* [Exercise requirements] The records must be duplicated exactly, with every picture left out.

* [Records for this exercise]
++++++++

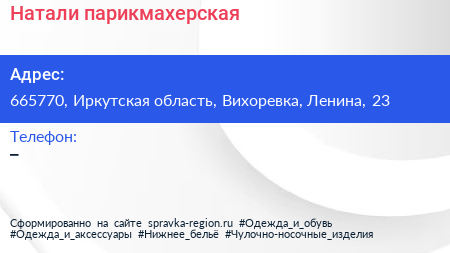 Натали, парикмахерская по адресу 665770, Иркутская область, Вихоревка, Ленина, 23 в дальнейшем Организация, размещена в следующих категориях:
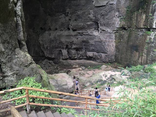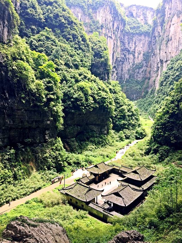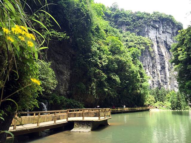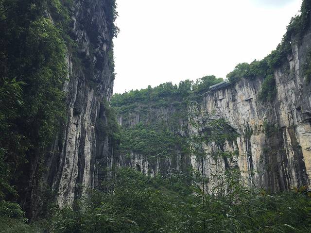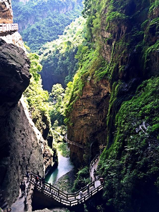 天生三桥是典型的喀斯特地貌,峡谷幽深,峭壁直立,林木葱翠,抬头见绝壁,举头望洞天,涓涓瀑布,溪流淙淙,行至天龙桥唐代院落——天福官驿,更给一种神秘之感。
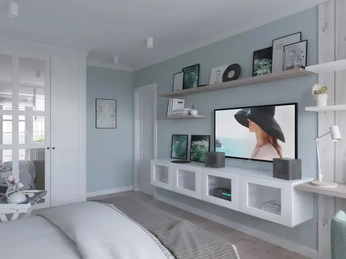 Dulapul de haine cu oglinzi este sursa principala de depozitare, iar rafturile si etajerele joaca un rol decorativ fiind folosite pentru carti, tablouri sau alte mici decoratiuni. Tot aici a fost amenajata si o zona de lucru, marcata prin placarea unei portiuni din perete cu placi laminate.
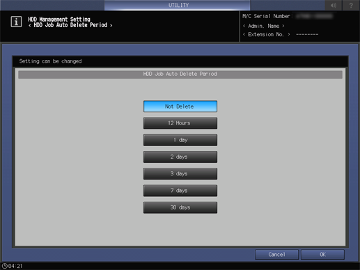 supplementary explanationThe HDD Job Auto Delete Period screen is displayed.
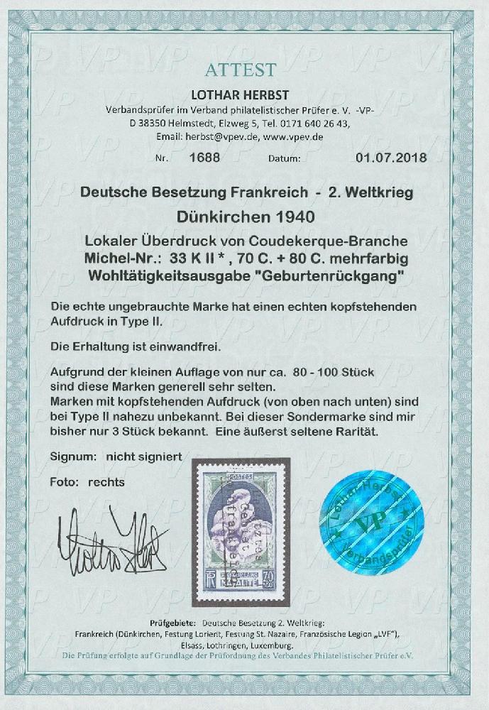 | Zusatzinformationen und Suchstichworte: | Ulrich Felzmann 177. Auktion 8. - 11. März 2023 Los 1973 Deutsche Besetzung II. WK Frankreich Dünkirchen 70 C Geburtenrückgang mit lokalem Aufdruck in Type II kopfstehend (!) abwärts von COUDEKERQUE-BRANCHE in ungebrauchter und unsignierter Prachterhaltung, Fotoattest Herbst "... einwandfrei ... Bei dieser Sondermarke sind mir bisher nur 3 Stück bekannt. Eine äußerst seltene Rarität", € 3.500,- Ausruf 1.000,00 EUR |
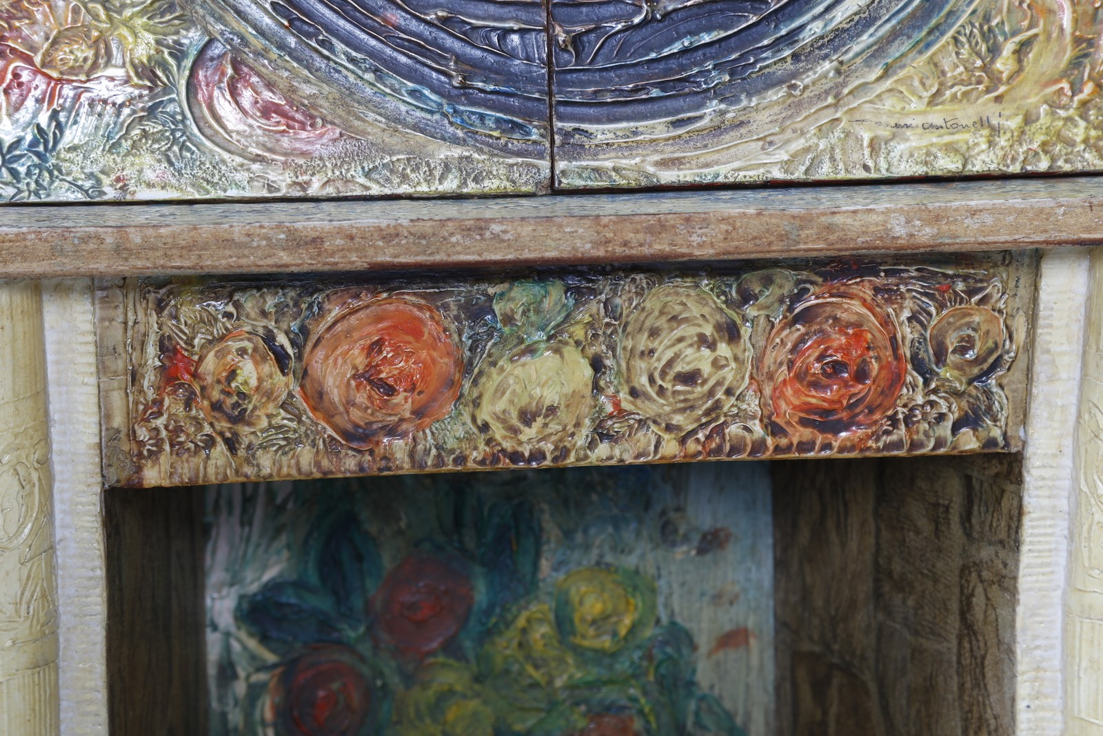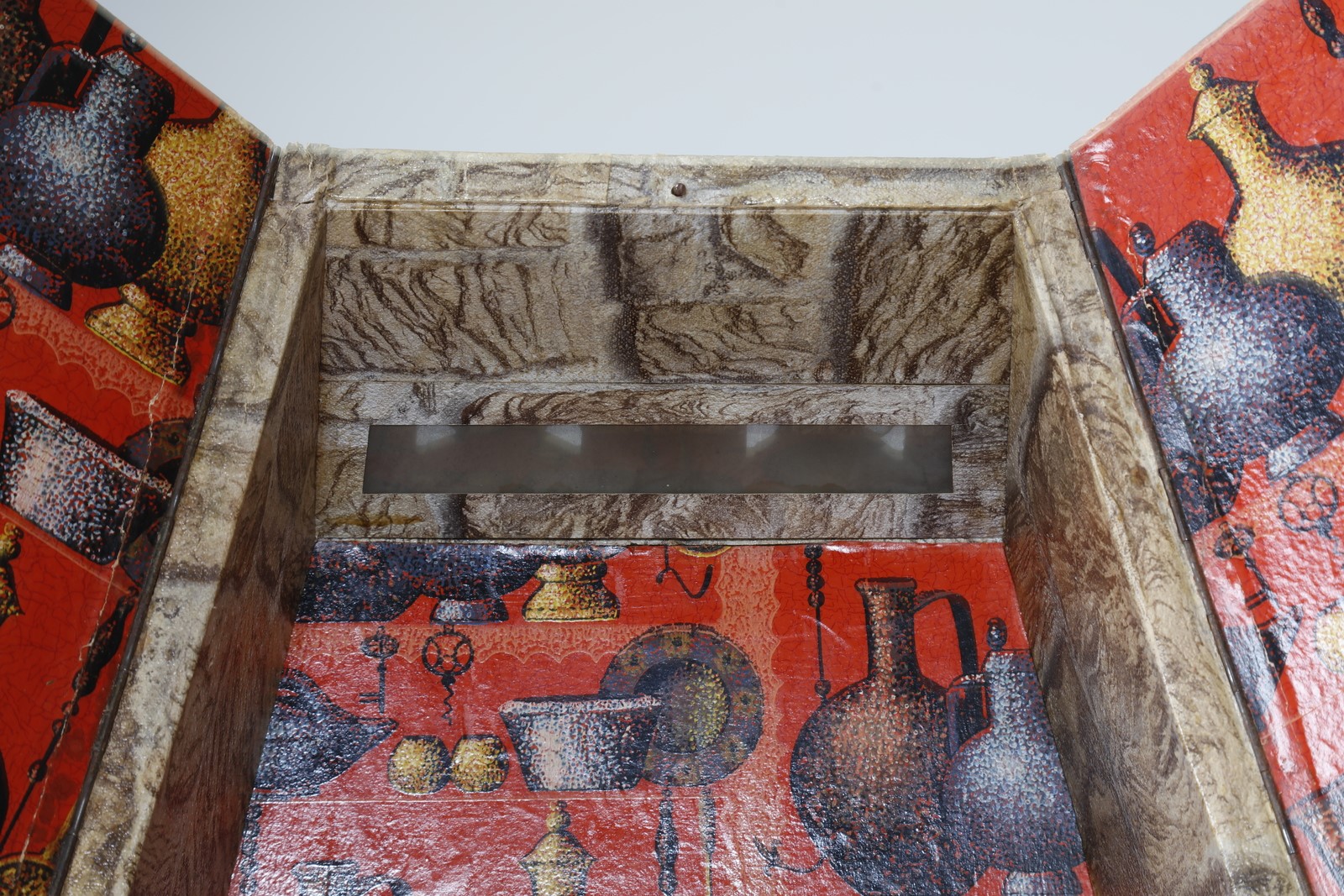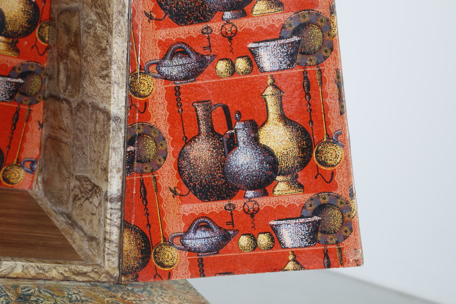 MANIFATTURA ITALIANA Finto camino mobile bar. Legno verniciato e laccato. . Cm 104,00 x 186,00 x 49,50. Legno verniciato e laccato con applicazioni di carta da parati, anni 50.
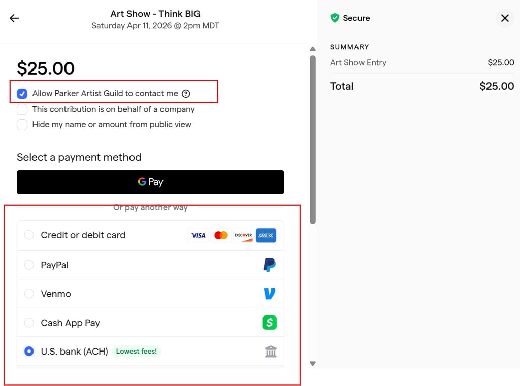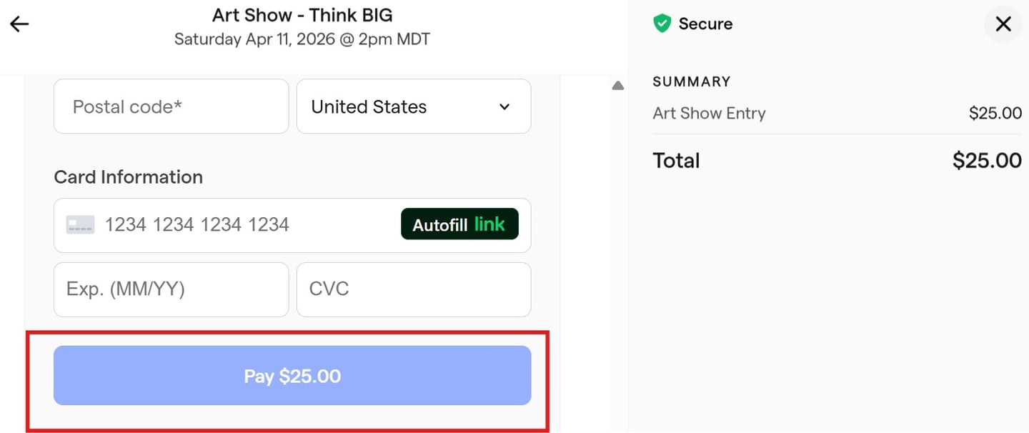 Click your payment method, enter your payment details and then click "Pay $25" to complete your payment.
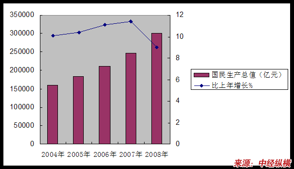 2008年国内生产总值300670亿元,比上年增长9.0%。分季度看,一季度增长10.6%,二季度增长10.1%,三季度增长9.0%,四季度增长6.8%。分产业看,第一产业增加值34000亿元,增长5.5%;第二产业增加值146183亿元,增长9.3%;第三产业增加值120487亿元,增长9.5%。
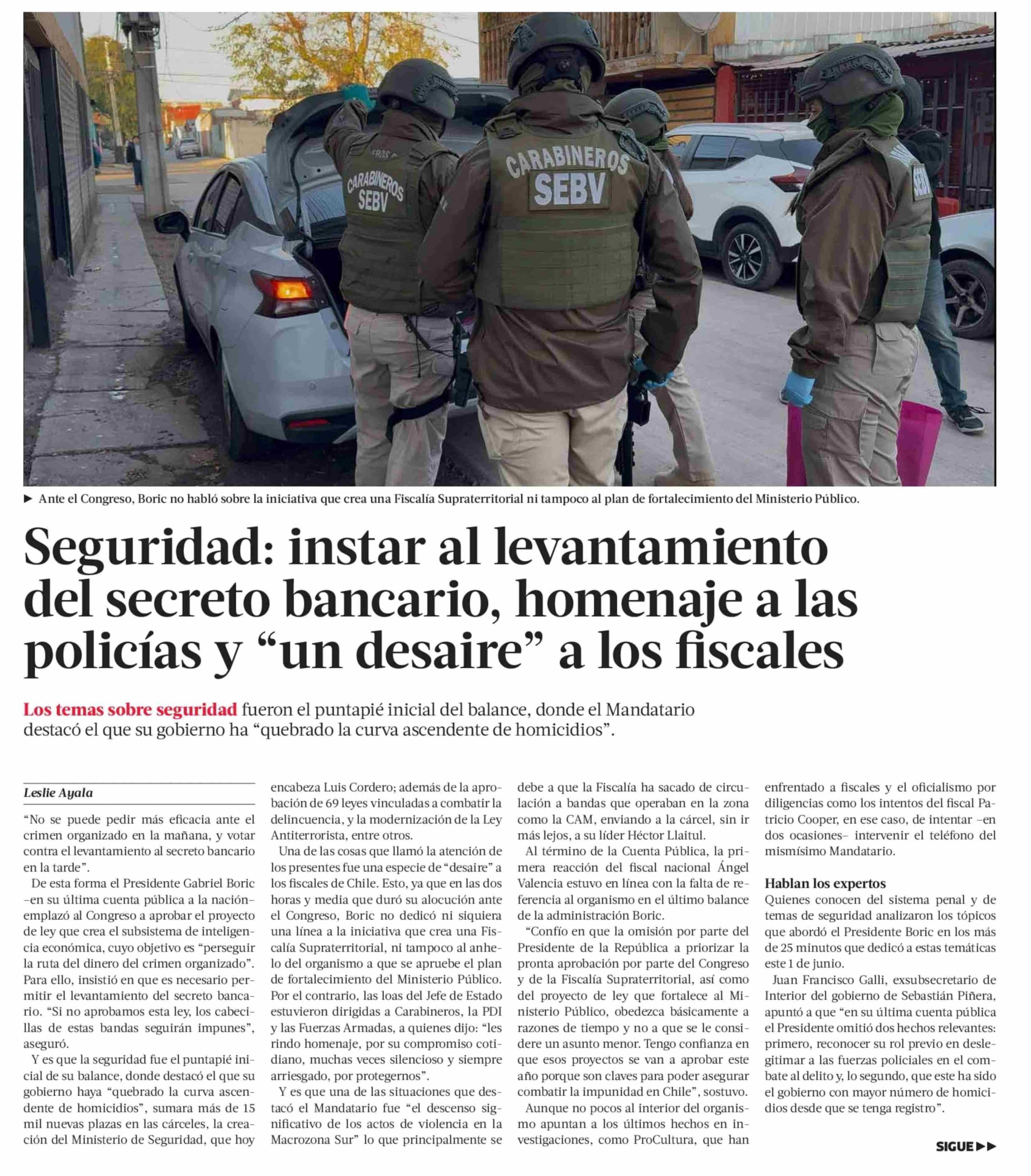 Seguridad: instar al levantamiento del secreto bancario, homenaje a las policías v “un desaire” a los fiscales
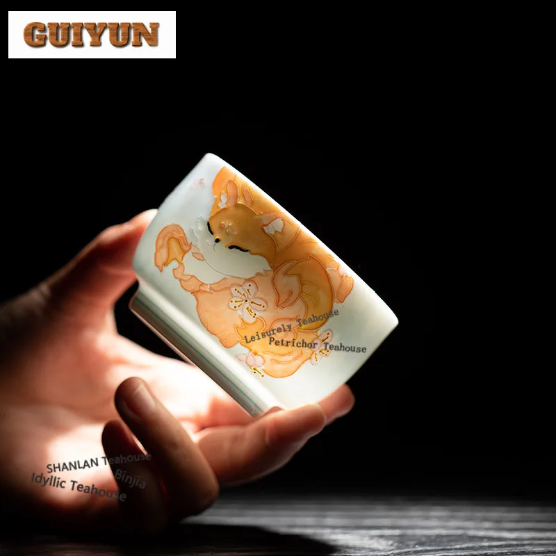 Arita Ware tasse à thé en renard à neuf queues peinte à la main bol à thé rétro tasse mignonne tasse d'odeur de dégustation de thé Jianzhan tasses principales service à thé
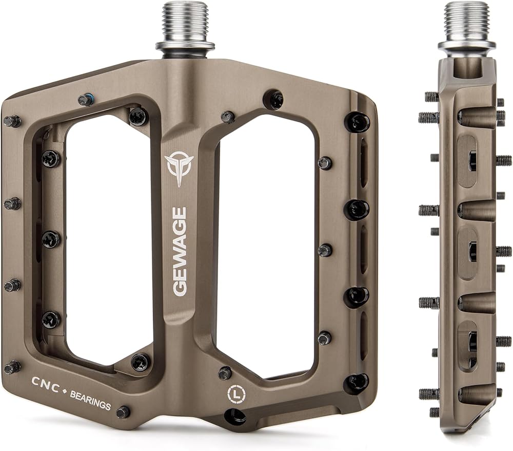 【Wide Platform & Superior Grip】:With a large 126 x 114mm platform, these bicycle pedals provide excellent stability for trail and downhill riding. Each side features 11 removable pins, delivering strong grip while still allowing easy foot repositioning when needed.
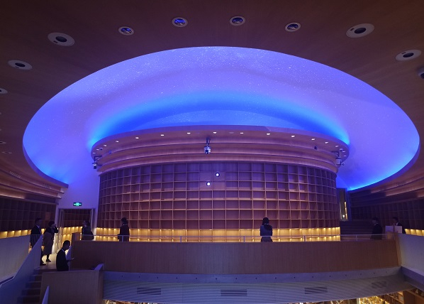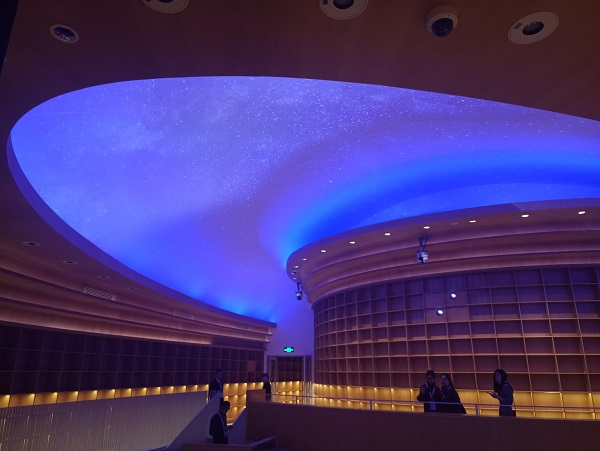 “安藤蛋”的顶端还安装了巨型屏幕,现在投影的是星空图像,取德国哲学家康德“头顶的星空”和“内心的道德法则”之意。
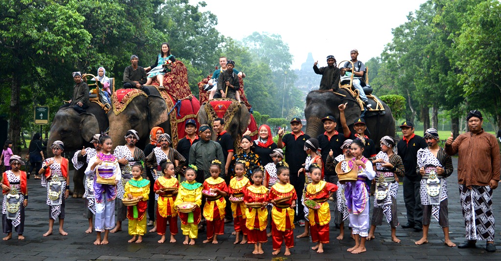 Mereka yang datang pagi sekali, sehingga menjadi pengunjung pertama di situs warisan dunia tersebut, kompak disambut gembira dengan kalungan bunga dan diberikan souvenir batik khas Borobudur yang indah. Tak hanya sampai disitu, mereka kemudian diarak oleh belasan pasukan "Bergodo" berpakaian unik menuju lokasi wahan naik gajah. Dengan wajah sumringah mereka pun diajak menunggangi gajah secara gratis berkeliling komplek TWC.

++++++++

* [Solved problem]
 Натали, парикмахерская по адресу 665770, Иркутская область, Вихоревка, Ленина, 23 в дальнейшем Организация, размещена в следующих категориях:
 天生三桥是典型的喀斯特地貌,峡谷幽深,峭壁直立,林木葱翠,抬头见绝壁,举头望洞天,涓涓瀑布,溪流淙淙,行至天龙桥唐代院落——天福官驿,更给一种神秘之感。
 Dulapul de haine cu oglinzi este sursa principala de depozitare, iar rafturile si etajerele joaca un rol decorativ fiind folosite pentru carti, tablouri sau alte mici decoratiuni. Tot aici a fost amenajata si o zona de lucru, marcata prin placarea unei portiuni din perete cu placi laminate.
 supplementary explanationThe HDD Job Auto Delete Period screen is displayed.
 | Zusatzinformationen und Suchstichworte: | Ulrich Felzmann 177. Auktion 8. - 11. März 2023 Los 1973 Deutsche Besetzung II. WK Frankreich Dünkirchen 70 C Geburtenrückgang mit lokalem Aufdruck in Type II kopfstehend (!) abwärts von COUDEKERQUE-BRANCHE in ungebrauchter und unsignierter Prachterhaltung, Fotoattest Herbst "... einwandfrei ... Bei dieser Sondermarke sind mir bisher nur 3 Stück bekannt. Eine äußerst seltene Rarität", € 3.500,- Ausruf 1.000,00 EUR |
 MANIFATTURA ITALIANA Finto camino mobile bar. Legno verniciato e laccato. . Cm 104,00 x 186,00 x 49,50. Legno verniciato e laccato con applicazioni di carta da parati, anni 50.
 Click your payment method, enter your payment details and then click "Pay $25" to complete your payment.
 2008年国内生产总值300670亿元,比上年增长9.0%。分季度看,一季度增长10.6%,二季度增长10.1%,三季度增长9.0%,四季度增长6.8%。分产业看,第一产业增加值34000亿元,增长5.5%;第二产业增加值146183亿元,增长9.3%;第三产业增加值120487亿元,增长9.5%。
 Seguridad: instar al levantamiento del secreto bancario, homenaje a las policías v “un desaire” a los fiscales
 Arita Ware tasse à thé en renard à neuf queues peinte à la main bol à thé rétro tasse mignonne tasse d'odeur de dégustation de thé Jianzhan tasses principales service à thé
 【Wide Platform & Superior Grip】:With a large 126 x 114mm platform, these bicycle pedals provide excellent stability for trail and downhill riding. Each side features 11 removable pins, delivering strong grip while still allowing easy foot repositioning when needed.
 “安藤蛋”的顶端还安装了巨型屏幕,现在投影的是星空图像,取德国哲学家康德“头顶的星空”和“内心的道德法则”之意。
 Mereka yang datang pagi sekali, sehingga menjadi pengunjung pertama di situs warisan dunia tersebut, kompak disambut gembira dengan kalungan bunga dan diberikan souvenir batik khas Borobudur yang indah. Tak hanya sampai disitu, mereka kemudian diarak oleh belasan pasukan "Bergodo" berpakaian unik menuju lokasi wahan naik gajah. Dengan wajah sumringah mereka pun diajak menunggangi gajah secara gratis berkeliling komplek TWC.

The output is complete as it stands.